--- What needs to be done ---
Copy every entry exactly as given, minus the images.

--- Stored dataset items ---
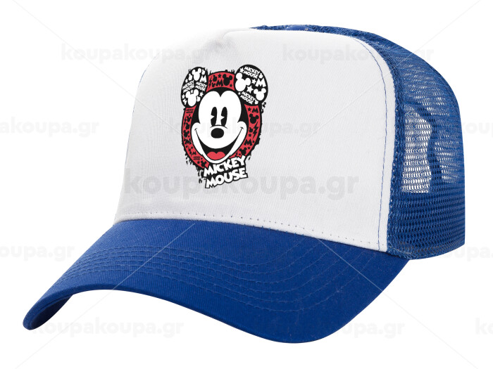 Mickey Mouse, Adult Structured Trucker Hat, with Mesh, WHITE/BLUE (100% COTTON, ADULT, UNISEX, ONE SIZE)
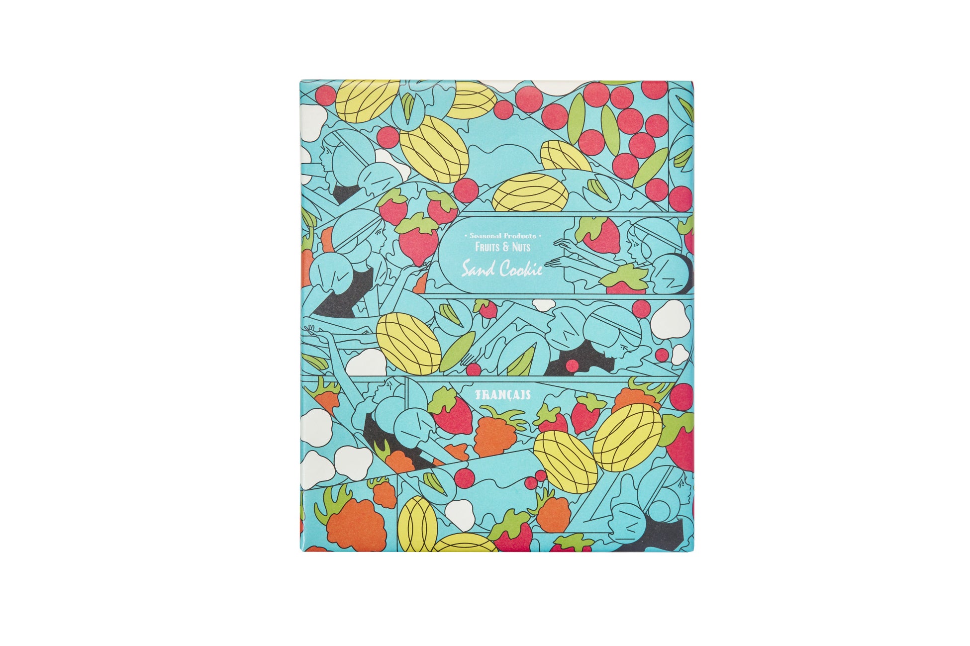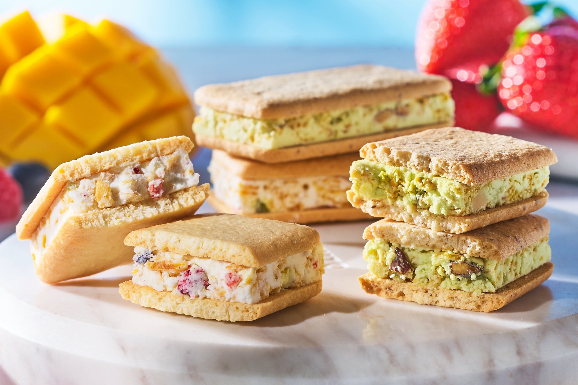 果実をたのしむサンドクッキー:5種類の果実の味をお楽しみ頂けるサンドクッキー。ブルーベリー、フランボワーズ、マンゴーのドライフルーツとピスタチオ。粒々のストロベリーをサクサクのコーンフレークと合わせて、エアチョコレートで包み込み、サンドしました。
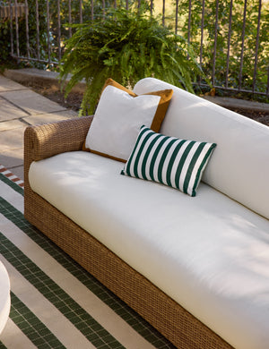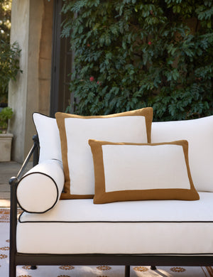 Add a splash of color to your patio or terrace with our Amica throw pillow. The antique white center augments the colorful border, creating a bright point of interest in your curation. We love this pillow for a relaxed curation that invites sophistication with an effortless touch.
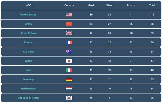 중국이 34개의 금메달을 얻고, 개최국 프랑스가 27개의 금메달을 획득해 금메달 기준 2, 3위를 차지할 것으로 예상했다.
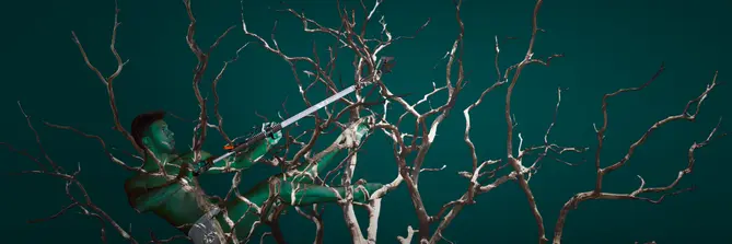 En mann som bruker en Gardena EasyCut Lopper til å klippe en gren av et tre
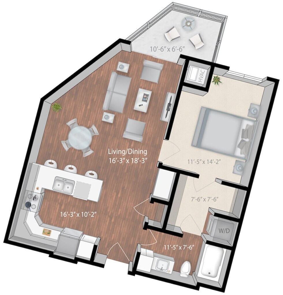 Modelo de apartamento: MarigoldLlame para PreciosEstudio, 1 Baño, 702 sq ftNo DisponibleLos planos de la planta son una interpretación artística. Todas las dimensiones son aproximadas. Los tamaños o el detalle del producto real y sus especificaciones pueden variar. No todas las características están disponibles en todos los hogares para rentar. Los precios y la disponibilidad están sujetos a cambios. El alquiler que se muestra es mensual. Se pueden aplicar ciertos cargos, por ejemplo, entrega de paquetes, recolección de basura, agua, servicios, etc. Depositos varian. Consulta a un representante para conocer detalles.
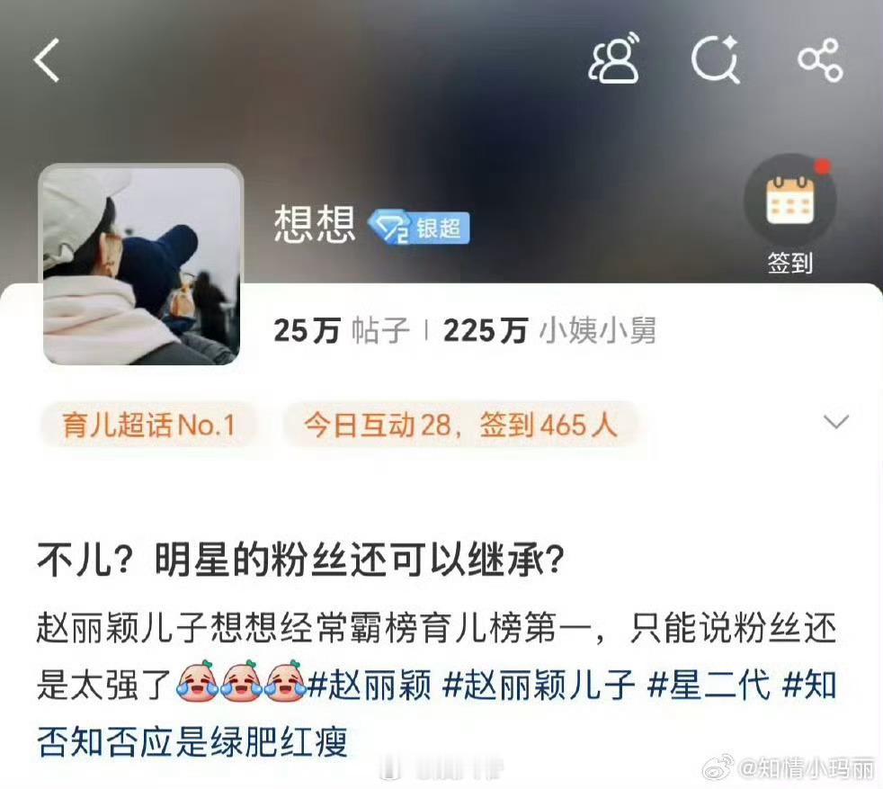 赵丽颖儿子想想超话有223万粉丝与其关注孩子不如多多关注作品
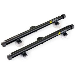 Lot de deux pare-soleil enrouleurs, ajustement de la hauteur du store multipositions. 37 cm de largeur. Bouton à presser pour remonter automatiquement le store. La fixation s'effectue soit à l'aide des deux clips de fixation directement sur la vitre du véhicule ou à l'aide de ventouses ultra-aspirantes.
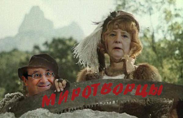 Олланд и Меркель везут Путину новый план (в хорошем смысле). Вот не пойму, что они всё в Москву прутся: резиновая, что ли? Владимир Владимирович же ясно много раз всем сказал: договаривайтесь с Донбассом! Нет, опять наступают на те же грабли. Я уже вижу этот ряд: Минск, Минск+, Минск 2.0, Минск Professional, Минск возвращается...
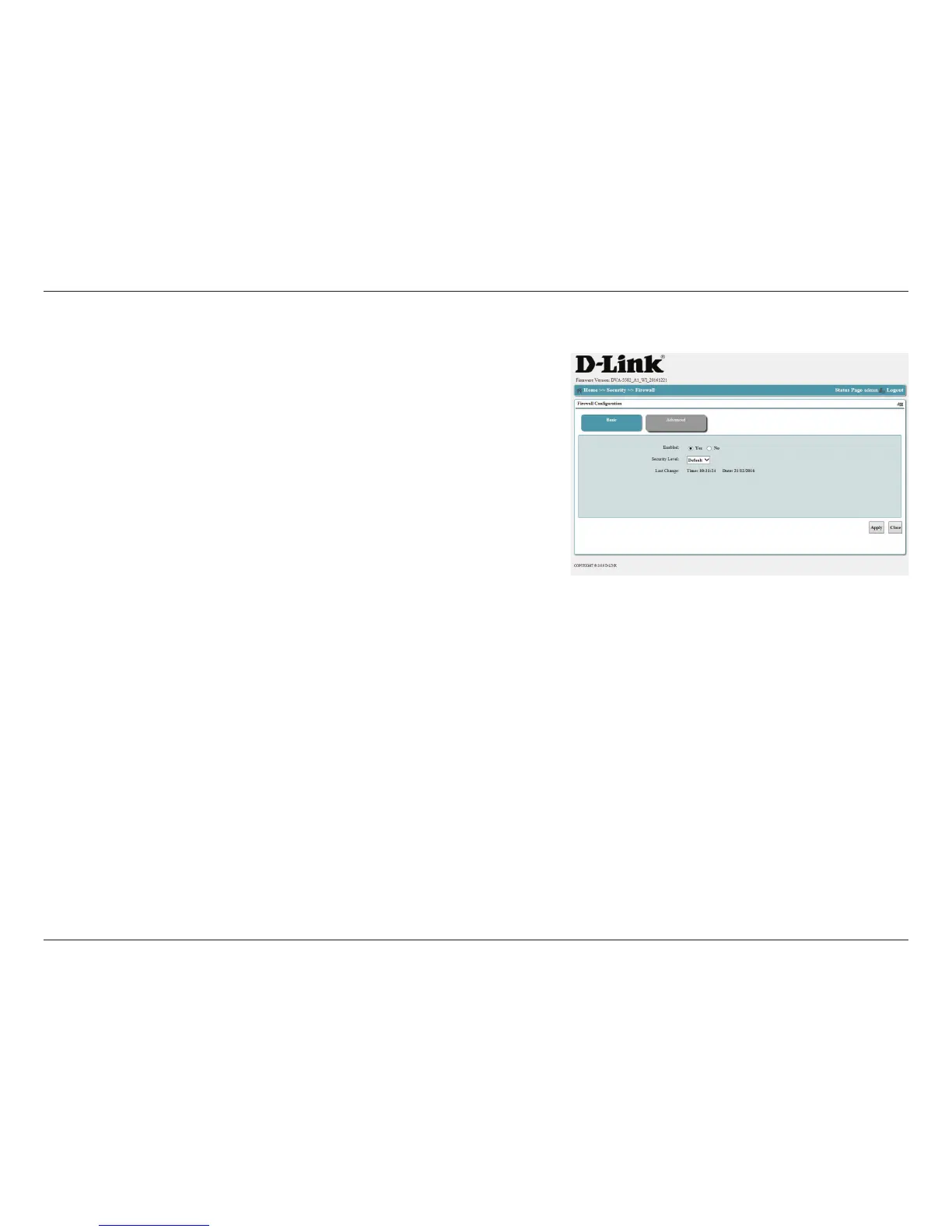This screen allows you to congure the router's built in rewall. Note that disabling

--- Task answer ---
 Mickey Mouse, Adult Structured Trucker Hat, with Mesh, WHITE/BLUE (100% COTTON, ADULT, UNISEX, ONE SIZE)
 果実をたのしむサンドクッキー:5種類の果実の味をお楽しみ頂けるサンドクッキー。ブルーベリー、フランボワーズ、マンゴーのドライフルーツとピスタチオ。粒々のストロベリーをサクサクのコーンフレークと合わせて、エアチョコレートで包み込み、サンドしました。
 Add a splash of color to your patio or terrace with our Amica throw pillow. The antique white center augments the colorful border, creating a bright point of interest in your curation. We love this pillow for a relaxed curation that invites sophistication with an effortless touch.
 중국이 34개의 금메달을 얻고, 개최국 프랑스가 27개의 금메달을 획득해 금메달 기준 2, 3위를 차지할 것으로 예상했다.
 En mann som bruker en Gardena EasyCut Lopper til å klippe en gren av et tre
 Modelo de apartamento: MarigoldLlame para PreciosEstudio, 1 Baño, 702 sq ftNo DisponibleLos planos de la planta son una interpretación artística. Todas las dimensiones son aproximadas. Los tamaños o el detalle del producto real y sus especificaciones pueden variar. No todas las características están disponibles en todos los hogares para rentar. Los precios y la disponibilidad están sujetos a cambios. El alquiler que se muestra es mensual. Se pueden aplicar ciertos cargos, por ejemplo, entrega de paquetes, recolección de basura, agua, servicios, etc. Depositos varian. Consulta a un representante para conocer detalles.
 赵丽颖儿子想想超话有223万粉丝与其关注孩子不如多多关注作品
 Lot de deux pare-soleil enrouleurs, ajustement de la hauteur du store multipositions. 37 cm de largeur. Bouton à presser pour remonter automatiquement le store. La fixation s'effectue soit à l'aide des deux clips de fixation directement sur la vitre du véhicule ou à l'aide de ventouses ultra-aspirantes.
 Олланд и Меркель везут Путину новый план (в хорошем смысле). Вот не пойму, что они всё в Москву прутся: резиновая, что ли? Владимир Владимирович же ясно много раз всем сказал: договаривайтесь с Донбассом! Нет, опять наступают на те же грабли. Я уже вижу этот ряд: Минск, Минск+, Минск 2.0, Минск Professional, Минск возвращается...
This screen allows you to congure the router's built in rewall. Note that disabling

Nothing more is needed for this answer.